Karminpelz schüttelt den Kopf. "Nein, ich habe schließlich fast mein gesamtes Leben dort verbracht", erklärte er. "Gibt es noch mehr Katzen, die aus ihrem Clan verbannt wurden?", wollte Raven wissen. Der Krieger sah ihn kurz erstaunt an, als hätte er diese Frage nicht erwartet.

"Ja, Schattenkralle lebte auch einst im SonnenClan." Erstaunt zuckte der Schüler mit den Schnurrhaaren. "Er sieht überhaupt nicht wie eine SonnenClan-Katze aus", bemerkte er verdutzt. Karminpelz schnaubte belustigt, doch seine Miene wurde schnell wieder ernster.

"Seltsam, dass Windbrise dir nie davon erzählt hat", meinte er. Raven war nicht wirklich überrascht. "Der erzählt mir doch gar nichts", knurrte er hasserfüllt. "Dann nehme ich an, dass er über seine Vergangenheit auch nichts gesagt hat", murmelte SonnenClan.

Sein Herz stockte. "Was meinst du?" Der Krieger schwieg kurz und verkündete: "Windbrise war ebenfalls eine SonnenClan-Katze." Der Boden schwankte unter Ravens Pfoten. "Was?", keuchte er und starrte ihn fassungslos an.

"Wurde er etwa auch verbannt?" Windbrise würde doch niemals gegen das Gesetz der Krieger verstoßen, oder doch? Aber Karminpelz erklärte hastig: "Nein, nein! Er ist aus freiem Willen gegangen." Seltsamerweise war Raven darüber erleichtert.

"Wieso würde Winbrise sich freiwillig dem FinsterClan anschließen?", fragte der Schüler mehr zu sich selbst. Karminpelz machte ein nachdenkliches Gesicht. "Ich kann mich nicht mehr genau daran erinnern. Er war damals ein Schüler. Irgendetwas hat ihn wütend gemacht und er floh aus dem Clan."

Raven blinzelte und musste schaudernd feststellen, dass dieses Szenario seinem ähnelte. Mit der Ausnahme, dass er nie den Clan verlassen würde. Er hatte mehr mit seinem Vater gemeinsam, als ihm lieb war. Zorn pulsierte in seinen Adern.

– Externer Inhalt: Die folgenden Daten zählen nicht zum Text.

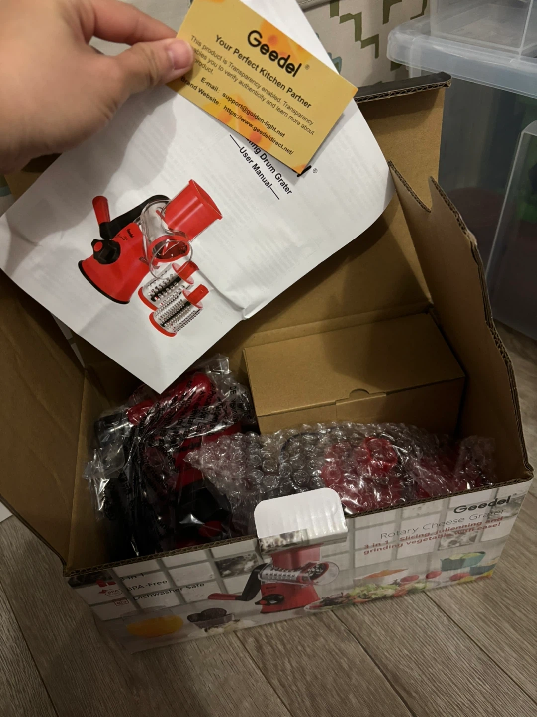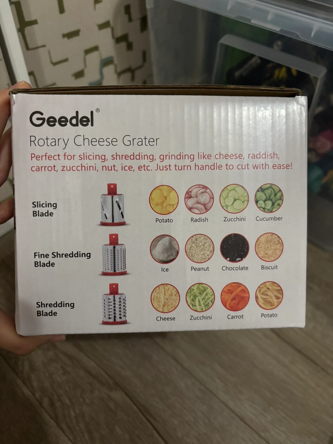 I'm selling a brand new Geedel Rotary Cheese Grater, still in its original box.

"Dann bedeutet das, dass überhaupt kein FinsterClan-Blut in mir fließt! Ich bin eine halb SonnenClan- und halb Streuner-Katze!", fauchte er und scharrte frustriert mit den Krallen in der Erde.

Er kniff die Augen zusammen. "Wieso hat er mir das alles nie erzählt?", wisperte er entrüstet. "Wieso werde ich nur belogen? Bin ich ihm denn gar nichts wert?" Raven spürte Karminpelz' Schwanzspitze an seiner Schulter.

"Natürlich bist du das", erwiderte er sanft. "Windbrise wusste, dass du die Wahrheit nicht ertragen wirst, deshalb hatte er gezögert es dir zu erzählen."
"Etwas zu lange", murmelte Raven trocken. "Es ist ihm doch egal, wie ich mich fühle." Seine Stimme bebte.

"Nein, das stimmt nicht!", miaute Karminpelz und peitschte mit dem Schwanz. "Er will immer das Beste für dich, du bist schließlich sein Sohn, und seine einzige Familie." Der schwarz-weiße Kater schwieg und starrte wie gebannt auf seine Pfoten.

Er merkte wie Karminpelz sich seufzend erhob. "Du musst ihm verzeihen. Wenn du das nicht tust, wird dein Schmerz dich nie loslassen." Ohne ein weiteres Wort glitt der Krieger aus dem Bau und ließ Raven allein. Verzeihen, dachte er. Ich werde Windbrise das niemals verzeihen!